Local entrepreneur gives advice to motivate students

Thursday, March 12, 2015

By Erica Setnick

Andrew Rufo, who grew up in Radnor, Pa., is the current CEO and Founder of EVLiO, a full service web-designing site, and the proud owner of more than 200 domains online, including DudesNews. com and PhillyHats.com.

“A lot of what it takes is vision and the entrepreneurial spirit, which can’t really be taught,” Rufo, 25, says. “Thinking of all these different website names is a long process.”

He explains that the first step is sitting down and thinking of what people will pay for. He then thinks of different names of websites and sees if they’re already taken. When they’re available, he buys them and starts selling his products.

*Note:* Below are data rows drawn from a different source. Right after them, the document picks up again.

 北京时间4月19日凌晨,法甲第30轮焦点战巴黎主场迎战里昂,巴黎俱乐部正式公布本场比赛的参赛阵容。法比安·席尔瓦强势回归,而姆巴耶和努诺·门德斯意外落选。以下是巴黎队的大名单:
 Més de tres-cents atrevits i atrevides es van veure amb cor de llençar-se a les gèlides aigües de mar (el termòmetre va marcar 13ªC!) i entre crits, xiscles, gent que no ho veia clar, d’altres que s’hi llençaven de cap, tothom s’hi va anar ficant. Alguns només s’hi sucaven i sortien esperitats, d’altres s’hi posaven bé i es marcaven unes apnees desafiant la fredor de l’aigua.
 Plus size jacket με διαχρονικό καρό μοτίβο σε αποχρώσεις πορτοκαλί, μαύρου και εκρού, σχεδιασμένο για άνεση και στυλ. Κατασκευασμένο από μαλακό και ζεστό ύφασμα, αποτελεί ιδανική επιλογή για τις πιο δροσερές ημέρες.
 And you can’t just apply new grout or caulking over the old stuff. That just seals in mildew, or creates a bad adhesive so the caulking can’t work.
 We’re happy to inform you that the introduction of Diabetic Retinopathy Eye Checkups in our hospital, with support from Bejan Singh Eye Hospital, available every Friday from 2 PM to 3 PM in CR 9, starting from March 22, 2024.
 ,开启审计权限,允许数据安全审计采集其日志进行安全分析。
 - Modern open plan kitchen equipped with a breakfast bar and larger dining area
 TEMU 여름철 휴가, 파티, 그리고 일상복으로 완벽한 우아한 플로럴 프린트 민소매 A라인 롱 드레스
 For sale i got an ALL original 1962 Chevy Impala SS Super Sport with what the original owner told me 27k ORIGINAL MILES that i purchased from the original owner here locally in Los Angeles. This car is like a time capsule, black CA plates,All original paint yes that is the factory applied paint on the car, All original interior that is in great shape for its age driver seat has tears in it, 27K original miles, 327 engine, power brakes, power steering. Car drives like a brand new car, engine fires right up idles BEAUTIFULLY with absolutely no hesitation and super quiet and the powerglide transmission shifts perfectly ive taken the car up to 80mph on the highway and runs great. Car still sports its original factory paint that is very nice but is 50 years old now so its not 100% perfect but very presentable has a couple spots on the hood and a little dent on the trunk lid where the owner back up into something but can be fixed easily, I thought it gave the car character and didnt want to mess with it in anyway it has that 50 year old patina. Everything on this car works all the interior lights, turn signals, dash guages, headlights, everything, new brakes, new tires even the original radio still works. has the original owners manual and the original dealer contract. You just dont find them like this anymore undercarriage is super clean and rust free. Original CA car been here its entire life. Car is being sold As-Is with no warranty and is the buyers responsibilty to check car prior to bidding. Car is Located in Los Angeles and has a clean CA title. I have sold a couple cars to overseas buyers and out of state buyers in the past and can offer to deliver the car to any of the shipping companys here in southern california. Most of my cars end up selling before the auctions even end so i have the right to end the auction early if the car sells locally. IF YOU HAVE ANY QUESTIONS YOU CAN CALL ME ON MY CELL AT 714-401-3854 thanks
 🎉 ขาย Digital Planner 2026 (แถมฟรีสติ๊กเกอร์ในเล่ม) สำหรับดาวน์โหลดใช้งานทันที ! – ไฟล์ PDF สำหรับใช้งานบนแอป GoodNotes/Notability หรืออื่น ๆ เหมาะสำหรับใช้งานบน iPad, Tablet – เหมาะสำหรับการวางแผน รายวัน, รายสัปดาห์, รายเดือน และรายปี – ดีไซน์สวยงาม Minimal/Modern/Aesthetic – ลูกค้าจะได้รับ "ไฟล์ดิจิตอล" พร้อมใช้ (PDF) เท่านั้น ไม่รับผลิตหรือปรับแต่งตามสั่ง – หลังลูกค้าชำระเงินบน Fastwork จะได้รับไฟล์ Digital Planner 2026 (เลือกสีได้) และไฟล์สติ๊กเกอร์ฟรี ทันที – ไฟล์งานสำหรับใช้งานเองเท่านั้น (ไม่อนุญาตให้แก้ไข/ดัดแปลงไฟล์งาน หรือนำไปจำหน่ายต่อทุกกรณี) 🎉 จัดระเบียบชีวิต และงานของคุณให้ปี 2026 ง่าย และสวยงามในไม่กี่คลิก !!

Rufo admits that he was not very engaged during school. “When I was 8, I was the kid secretly charging other kids video games on floppy disks, not really paying attention to what was being taught,” Rufo says. “When I was 11, I started wearing six jerseys to school and renting them out to my friends to wear.”

Even today, Rufo says he avoids school.

“I can’t blame it on anything else but the fact that I’d rather be doing anything else but sitting in a classroom,” he says. According to Rufo, teachers these days need to realize that students aren’t engaged in everything they teach.

Rufo isn’t alone. According to an analysis by the National Research Counsel, motivation often declines as students movefrom elementary school through high school.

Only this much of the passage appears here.